Find most co‑purchased product pairs in SQL
Company: Google
Role: Data Scientist
Category: Data Manipulation (SQL/Python)
Difficulty: medium
Interview Round: Technical Screen
Given the schema and sample data below, write ANSI-SQL to return the top 5 unordered product pairs most frequently purchased together across distinct orders. Requirements: count each pair at most once per order; exclude self-pairs; represent pairs with the smaller product_id first; break ties by higher pair_count then lexicographically (product_id, product_id); and include pair_count. Also propose any indexes to speed this query on large data.
Schema:
- orders(order_id INT PRIMARY KEY, user_id INT, order_ts TIMESTAMP)

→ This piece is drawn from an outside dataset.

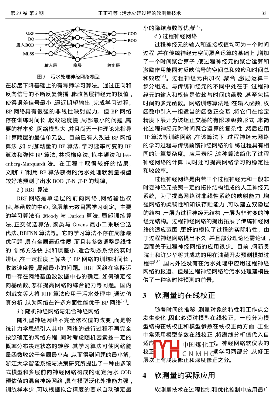 第23卷第3期北京工商大學(xué)學(xué)報(bào)(自然科學(xué)版)Vol. 23 Na 32005年5月Journal of Bejing Technology and Business University( Natural Science Edition )May 2005文章編號(hào):1671-1513( 2005 )03-0031-04污水處理過(guò)程的軟測(cè)量技術(shù)王正祥,劉載文,薛福霞(北京工商大學(xué)信息工程學(xué)院,北京 100037 )摘要:污水處理過(guò)程的軟測(cè)量技術(shù)是為解決污水處理出水水質(zhì)(如BOD,、COD等)難以在線(xiàn)實(shí)時(shí)檢測(cè)而提出的它為污水處理質(zhì)量參數(shù)的在線(xiàn)預(yù)測(cè)和閉環(huán)控制創(chuàng)造必要的前提條件并提供可行的解決方案,從而穩(wěn)定出水水質(zhì)和提高污水處理的效率。介紹軟測(cè)量技術(shù)的概念研究污水處理軟測(cè)量建模方法,以及工程設(shè)計(jì)方法。關(guān)鍵詞:污水處理;軟測(cè)量技術(shù);建模方法中圖分類(lèi)號(hào):X502 ;TP273*. 5文獻(xiàn)標(biāo)識(shí)碼:A目前污水生物處理廣泛使用的是活性污泥法,水處理過(guò)程的自動(dòng)監(jiān)測(cè)和預(yù)報(bào)系統(tǒng)實(shí)現(xiàn)出水的優(yōu)其實(shí)質(zhì)是以存在于污水中的有機(jī)物作為培養(yǎng)基(底化排放具有重要的實(shí)際意義和應(yīng)用價(jià)值。物)在有氧的條件下對(duì)各種微生物群體進(jìn)行混合連續(xù)培養(yǎng)通過(guò)凝聚、吸附、氧化分解、沉淀等過(guò)程去1軟測(cè)量的概念除有機(jī)物的一種污水處理方法。目前污水處理廠的所謂軟測(cè)量技術(shù)就是利用易測(cè)過(guò)程變量與難以出水水質(zhì)BOD,(生物化學(xué)需氧量) COD(化學(xué)耗氧直接測(cè)量的待測(cè)過(guò)程變量之間的數(shù)學(xué)關(guān)系通過(guò)各量)T-N(總含氮量)T-P(總含磷量)等濃度參數(shù)大種數(shù)學(xué)計(jì)算和估計(jì)方法,從而實(shí)現(xiàn)對(duì)待測(cè)過(guò)程變量多靠人工化驗(yàn)來(lái)確定尤其是BOD3需經(jīng)過(guò)5天之的測(cè)量。這樣建立的軟測(cè)量模型可以完成一些實(shí)際后才能得到化驗(yàn)結(jié)果。顯然化驗(yàn)結(jié)果大大滯后于硬件檢測(cè)所不能完成的測(cè)量任務(wù)。圖1中y代表主.污水的排放過(guò)程,也就是說(shuō)等到知道出水水質(zhì)指標(biāo)導(dǎo)變量R代表可測(cè)的輔助變量d和u分別表示可BOD,不合格時(shí)早已排出大量不合格的處理水造測(cè)的干擾和控制變量。軟測(cè)量的目的就是利用所有成二次污染。針對(duì)此情況國(guó)外少量污水處理廠采用了在線(xiàn)可獲得的信息求取主導(dǎo)變量的最優(yōu)" 估計(jì)值j ,即分析儀表進(jìn)行測(cè)量。但目前污水處理自動(dòng)控制系統(tǒng)構(gòu)造從可測(cè)信息集R到j(luò)的映射:中所采用的一些檢測(cè)專(zhuān)用儀器檢修與維護(hù)困難、價(jià)j( S)=K( S)k( S)格昂貴并且技術(shù)尚不完善,誤差較大,檢測(cè)精度達(dá)不到預(yù)期效果,以致于難以提供實(shí)時(shí)質(zhì)量信息作為對(duì)|一十 y質(zhì)量控制的反饋信號(hào)。而反映污水水質(zhì)的最重要參象R數(shù)有機(jī)污染物濃度( BOD或COD )還沒(méi)有實(shí)時(shí)在線(xiàn)圖1軟測(cè)量模型傳感器,因而直接影響了污水處理的效率與效果。因此將軟測(cè)量技術(shù)應(yīng)用于污水處理過(guò)程建立出水2污水處理軟測(cè)量模型建立水質(zhì)BOD,等參數(shù)的軟測(cè)量模型,以實(shí)現(xiàn)污水處理中國(guó)煤化工成較好的基礎(chǔ),但在應(yīng)過(guò)程的實(shí)時(shí)計(jì)算機(jī)監(jiān)測(cè)和預(yù)報(bào),在 此基礎(chǔ)上開(kāi)發(fā)污MYHCNMHG收稿日期:2005 -03 -01基金項(xiàng)目: 北京市優(yōu)秀人才項(xiàng)目北京市教育委員會(huì)科技發(fā)展項(xiàng)目(編號(hào)KM200310011040 )作者簡(jiǎn)介:王正祥( 1973- )男,甘肅金昌人碩士研究生研究方向?yàn)橹悄芸刂坪臀鬯幚磉^(guò)程控制。劉載文( 1954- )男廣東南海人教授主要從事智能控制與測(cè)控網(wǎng)絡(luò)方面的研究。3北京工商大學(xué)學(xué)報(bào)(自然科學(xué)版)2005年5月用方面卻缺乏系統(tǒng)的開(kāi)發(fā)思路。目前軟測(cè)量比較常ASMI ,ASM2 ,ASM3模型,但這些模型涉及的參數(shù)太用的設(shè)計(jì)方法如圖2。多,許多參數(shù)目前缺乏成熟的測(cè)量技術(shù)實(shí)際應(yīng)用相當(dāng)麻煩同時(shí)由于建模代價(jià)大,并且模型精度差,因| 機(jī)理分析,選擇輔助變量而很少應(yīng)用。目前提出的比較流行的觀點(diǎn)是:將良數(shù)據(jù)采集與預(yù)處理好的活性污泥數(shù)學(xué)模型與相應(yīng)的控制理論相結(jié)合,實(shí)現(xiàn)智能控制。建立軟測(cè):量模型2.3.2回歸分析設(shè)計(jì)校正模塊回歸分析是統(tǒng)計(jì)數(shù)學(xué)的一-個(gè)重要分支,在實(shí)驗(yàn)數(shù)據(jù)處理中又稱(chēng)為曲線(xiàn)擬和”?;貧w分析有多種在實(shí)踐中實(shí)現(xiàn)軟測(cè)量形式按因變量和自變量是否存在線(xiàn)性關(guān)系可分為軟測(cè)量效果評(píng)價(jià)線(xiàn)性回歸和非線(xiàn)性回歸。線(xiàn)性回歸的實(shí)質(zhì)是對(duì)象的函數(shù)關(guān)系在工作點(diǎn)附近-階泰勒展開(kāi)式,如果系統(tǒng)圖2軟測(cè)量設(shè)計(jì)流程非線(xiàn)性比較嚴(yán)重則無(wú)法選用。常用的線(xiàn)性回歸方2.1輔助變量的選擇依據(jù)圖2的設(shè)計(jì)

- order_items(order_id INT REFERENCES orders(order_id), product_id INT REFERENCES products(product_id), qty INT)
- products(product_id INT PRIMARY KEY, name TEXT)
Sample tables:
orders
+----------+---------+---------------------+
| order_id | user_id | order_ts |
+----------+---------+---------------------+
| 1 | 101 | 2025-08-30 10:05:00 |
| 2 | 202 | 2025-08-30 12:30:00 |
| 3 | 101 | 2025-08-31 09:00:00 |
+----------+---------+---------------------+
order_items
+----------+------------+-----+
| order_id | product_id | qty |
+----------+------------+-----+
| 1 | 10 | 1 |
| 1 | 20 | 2 |
| 1 | 30 | 1 |
| 2 | 10 | 1 |
| 2 | 20 | 1 |
| 3 | 20 | 1 |
| 3 | 40 | 1 |
+----------+------------+-----+
products
+------------+-------------+
| product_id | name |
+------------+-------------+
| 10 | 'A' |
| 20 | 'B' |
| 30 | 'C' |
| 40 | 'D' |
+------------+-------------+
Return columns: p1_id, p2_id, pair_count.
Quick Answer: This question evaluates SQL data manipulation and performance skills, specifically the ability to generate unordered product pairs, deduplicate pairs per order, compute the pair_count metric, and propose indexes to optimize the query.